В домике было чисто и уютно. Особенно мне нравились стены, оклеенные газетами с картинками. В домике жил отец моего отца – дедушка Нафтула.
Он всегда лежал. У него был туберкулёз кости.
Я помню, что он имел чёрную бороду, был худой, молчаливый, но не злой.
Бабушка Ита, его жена, была полной, доброй, спокойной. Она имела примечательный нос картошкой, кожа на котором была как лимонная корочка.
Я иногда бывала у них в гостях и спала с бабушкой.
Лежала у стеночки, рассматривала газеты и не любила бабушкин запах.
Кроме дедушки и бабушки с ними жили сестра и брат моего отца.
Они были младше отца, побаивались его и делали вид, что слушаются.
Сестра отца, тётя Ентолы, была тихой, приветливой и незаметной.
Она раз и навсегда влюбилась в длинного с решительным носом дядю Нухема и, невзирая на тогдашние возражения моего отца, продолжала его любить всю жизнь.
Немалое время любовь была тайной, потом тётя Ентолы долго ходила в невестах.
Поженившись, они большую часть жизни мирно прожили в глухом молдавском селе, имели свой домик, огородик, корову и курей.
В посёлке Перевал – Корнешты была одна-единственная парикмахерская, где дядя Нухем брил и стриг всех жителей, независимо от пола и возраста.
Волна отъездов в Израиль в семидесятых годах подхватила также их, уже пожилых людей.
Детей они не имели и сейчас мирно доживают на Земле Обетованной.
Я с тех детских лет встречалась с ними раза три, последний раз в 1974 году перед их отъездом. При всех встречах они мне казались одинаковыми: почти того же вида и возраста, милые, безобидные, патриархальные, навсегда местечковые люди.
– Дядя, – спросила я его – ты всю жизнь прожил здесь, почему ты сейчас уезжаешь, не зная даже что тебя там ждёт?
– Мне здесь не хватало многого, а главное – первого признака счастья – сказал дядя.
– А сколько их всего? – поинтересовалась я.
– Три, – не задумываясь, ответил дядя.
– Ничего себе, – подумала я – мой дядя знает формулу счастья.
Сейчас он навсегда уедет, и я ничего не узнаю. – Скажи, дядя, а остальные два признака счастья ты имеешь? – осторожно спросила я.

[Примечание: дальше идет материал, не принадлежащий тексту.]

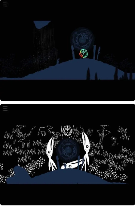 你将面对的是一段不以语言为主、以图腾、图像与音乐讲述的史诗旅程。游戏主打解谜机制与视觉表达,无明显的操作门槛,取而代之的是富有沉思意味的旅途与互动。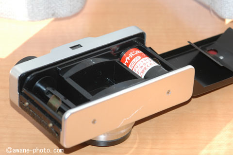 フィルムは湾曲して装填されるようになっている。レンズの性能を補うための工夫であろう。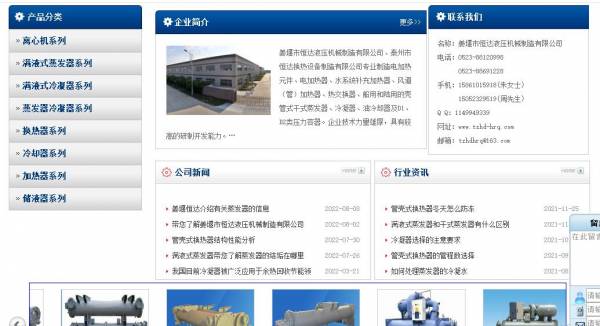 姜堰市恒*液壓機(jī)械制造有限公司選用我司企業(yè)機(jī)械設(shè)備行業(yè)的網(wǎng)站優(yōu)化產(chǎn)品,其SEO關(guān)鍵詞有 姜堰恒達(dá),泰州恒達(dá),泰州市恒*換熱設(shè)備制造有限公司。其特點(diǎn)是用很合適的展示方式、展示效果、站點(diǎn)框架,把客戶及其用戶很關(guān)心的問(wèn)題突出表現(xiàn);并以簡(jiǎn)潔明朗的設(shè)計(jì)風(fēng)格,清晰展現(xiàn)公司水平實(shí)力,確保一秒抓住目標(biāo)用戶眼球,給用戶留下良好的第一印象。姜堰市恒*液壓機(jī)械制造有限公司成立于1988年,是經(jīng)姜堰市市場(chǎng)監(jiān)督管理局審核的有資質(zhì)的公司,其統(tǒng)一社會(huì)信用代碼:913212041***27912E 。公司地址:泰州市姜堰區(qū)婁莊鎮(zhèn)先進(jìn)村。

– Остальные я мог бы иметь и здесь но первого признака – никогда– загадочно усмехнулся дядя, почёсывая лысину.
– Ну давай, дядя, рассказывай, что такое счастье – попросила я, отбросив дипломатию.
– Первое, что человеку надо для счастья – сказал мой дядя парикмахер и философ – это жить в такой стране, где власть не гробит своих граждан.
Второе – надо иметь удачу родиться в такой семье, которая, тебя научит тянуться к хорошему, а всё плохое от себя отбрасывать.
И третье, что надо для счастья – это иметь друзей, которые тебя не предадут.
– И это всё? – Удивилась я.
– Да – сказал дядя – подумай хорошенько, и ты поймёшь, что, имея всё это ты никогда не будешь несчастливой, особенно если имеешь к этому немножечко удачи, немножечко богатства и много здоровья.
Нетрудно было убедиться, что дядя был на сто процентов прав и что профессия парикмахера прекрасно сочетается с профессией нештатного философа.
Я встретилась с ним в Израиле (как в настоящем романе) через…. 20 лет.
Большую часть времени он проводит на скамеечке, на берегу Средиземного моря среди «русских» евреев – пенсионеров и философствует о политике, о смысле жизни и о том, что риск благородное дело. Так как если бы он не рискнул к концу жизни уехать, то о смысле жизни ему бы теперь пришлось рассуждать где-нибудь в очереди за хлебом в неспокойной Молдавии, слушая каждый день по телевизору и радио очередные бредни очередных вождей.
Дядя доволен собой, доволен жизнью и говорит, что теперь у него есть всё, что нужно для счастья.
При этом он регулярно слушает радио на русском языке и на идиш, добродушно критикуя израильское правительство, на месте которого, он бы точно знал как надо вести дела, чтобы всё было наилучшим образом. Такими были сестра моего отца и её муж.
Дай им БОГ здоровья до ста лет!
Брата отца, звали Велвл.
Невысокий, жизнерадостный и подвижный, он сразу поверил «товарищам», бегал с такими, же, как он и размахивал красным флагом.
У него была «дама сердца» – толстая, добрая девушка из бедной семьи.
Мой отец и тут был против. Поэтому и эта любовь держалась в тайне.
Однажды дядя взял меня с собой, когда пошёл к ней в гости.
С меня взяли обещание, что я ни в коем случае никому об этом не расскажу.
Я была горда доверием, меня просто распирало от счастья.
И когда вечером у нас в доме собрались гости играть в покер, то, восседая на высоком стульчике за столом, я с большим чувством и убеждением громко и отчётливо заявила, что никому и никогда не расскажу о том, что была сегодня с дядей Велвл у Баси, и что она очень хорошая и толстая, а дядя Велвл её очень любит и поэтому крепко целует и обнимает.
Реакция гостей была, как в театре – сначала тишина, потом смех.
Я хохотала вместе со всеми, хлопала в ладошки, и радовалась, не особенно интересуясь причиной веселья.
Запомнилось и само посещение Баси.
У них было совсем бедное жильё, кажется с земляным полом и большой печью.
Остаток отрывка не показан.